STORED DATA:
§ §

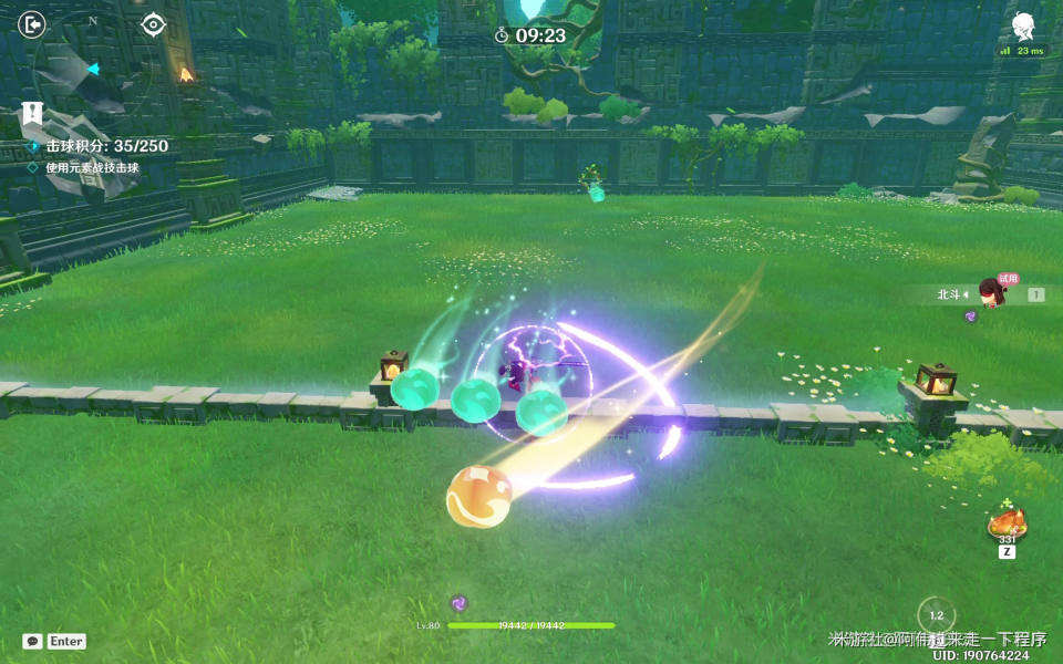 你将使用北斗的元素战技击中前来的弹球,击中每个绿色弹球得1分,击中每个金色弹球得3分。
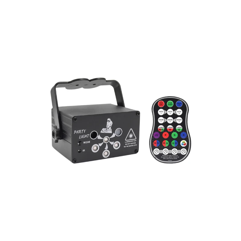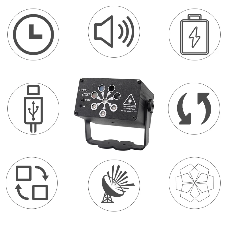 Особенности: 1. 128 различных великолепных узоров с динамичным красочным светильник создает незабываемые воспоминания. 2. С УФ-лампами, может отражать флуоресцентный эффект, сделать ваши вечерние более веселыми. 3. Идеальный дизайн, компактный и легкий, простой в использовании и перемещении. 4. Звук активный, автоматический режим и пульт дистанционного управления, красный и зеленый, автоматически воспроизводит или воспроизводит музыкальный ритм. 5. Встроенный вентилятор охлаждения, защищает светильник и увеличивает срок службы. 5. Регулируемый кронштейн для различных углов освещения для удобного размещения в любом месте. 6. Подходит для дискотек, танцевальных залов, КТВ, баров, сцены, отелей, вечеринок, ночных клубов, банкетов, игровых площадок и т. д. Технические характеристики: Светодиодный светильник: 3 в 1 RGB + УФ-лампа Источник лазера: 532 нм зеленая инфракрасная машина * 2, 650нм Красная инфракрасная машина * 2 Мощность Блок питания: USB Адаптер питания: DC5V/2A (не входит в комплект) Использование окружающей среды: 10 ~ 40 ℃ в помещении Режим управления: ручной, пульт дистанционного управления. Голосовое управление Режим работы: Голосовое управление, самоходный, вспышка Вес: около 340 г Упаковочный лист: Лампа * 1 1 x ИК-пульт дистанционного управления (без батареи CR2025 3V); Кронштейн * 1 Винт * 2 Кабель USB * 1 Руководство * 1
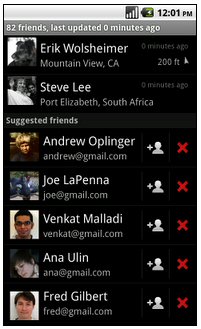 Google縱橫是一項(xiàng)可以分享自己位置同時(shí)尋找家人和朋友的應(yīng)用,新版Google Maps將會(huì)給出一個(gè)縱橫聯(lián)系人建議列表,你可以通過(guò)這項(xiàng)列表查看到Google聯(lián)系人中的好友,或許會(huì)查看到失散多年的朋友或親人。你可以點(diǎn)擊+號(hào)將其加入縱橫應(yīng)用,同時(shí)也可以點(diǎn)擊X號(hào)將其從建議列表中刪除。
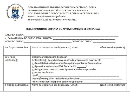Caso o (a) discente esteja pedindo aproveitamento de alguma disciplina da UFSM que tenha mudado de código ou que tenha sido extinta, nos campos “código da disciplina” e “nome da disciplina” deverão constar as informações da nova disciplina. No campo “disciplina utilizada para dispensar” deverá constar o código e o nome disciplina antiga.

§ §

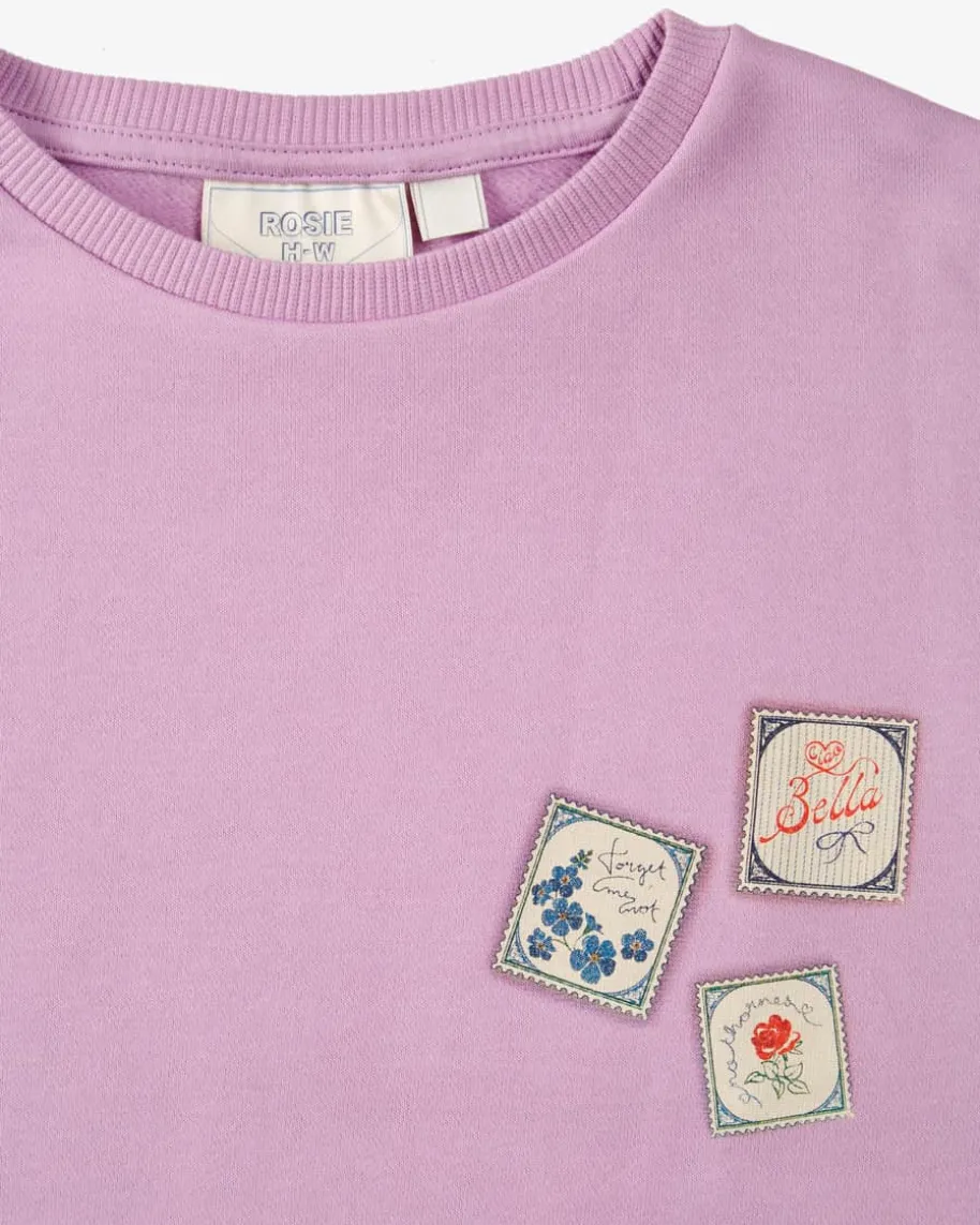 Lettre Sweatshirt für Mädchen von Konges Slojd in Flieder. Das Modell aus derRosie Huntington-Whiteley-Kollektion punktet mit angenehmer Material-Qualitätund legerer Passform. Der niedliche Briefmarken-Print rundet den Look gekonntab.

§ §

WHAT YOU NEED TO DO:
Would you copy, word for word, only the lines above from the one containing "Google縱橫是一項(xi" through the one containing "Caso o (a) discente", both included, and please leave out the pictures?

RESULT:
 Google縱橫是一項(xiàng)可以分享自己位置同時(shí)尋找家人和朋友的應(yīng)用,新版Google Maps將會(huì)給出一個(gè)縱橫聯(lián)系人建議列表,你可以通過(guò)這項(xiàng)列表查看到Google聯(lián)系人中的好友,或許會(huì)查看到失散多年的朋友或親人。你可以點(diǎn)擊+號(hào)將其加入縱橫應(yīng)用,同時(shí)也可以點(diǎn)擊X號(hào)將其從建議列表中刪除。
Caso o (a) discente esteja pedindo aproveitamento de alguma disciplina da UFSM que tenha mudado de código ou que tenha sido extinta, nos campos “código da disciplina” e “nome da disciplina” deverão constar as informações da nova disciplina. No campo “disciplina utilizada para dispensar” deverá constar o código e o nome disciplina antiga.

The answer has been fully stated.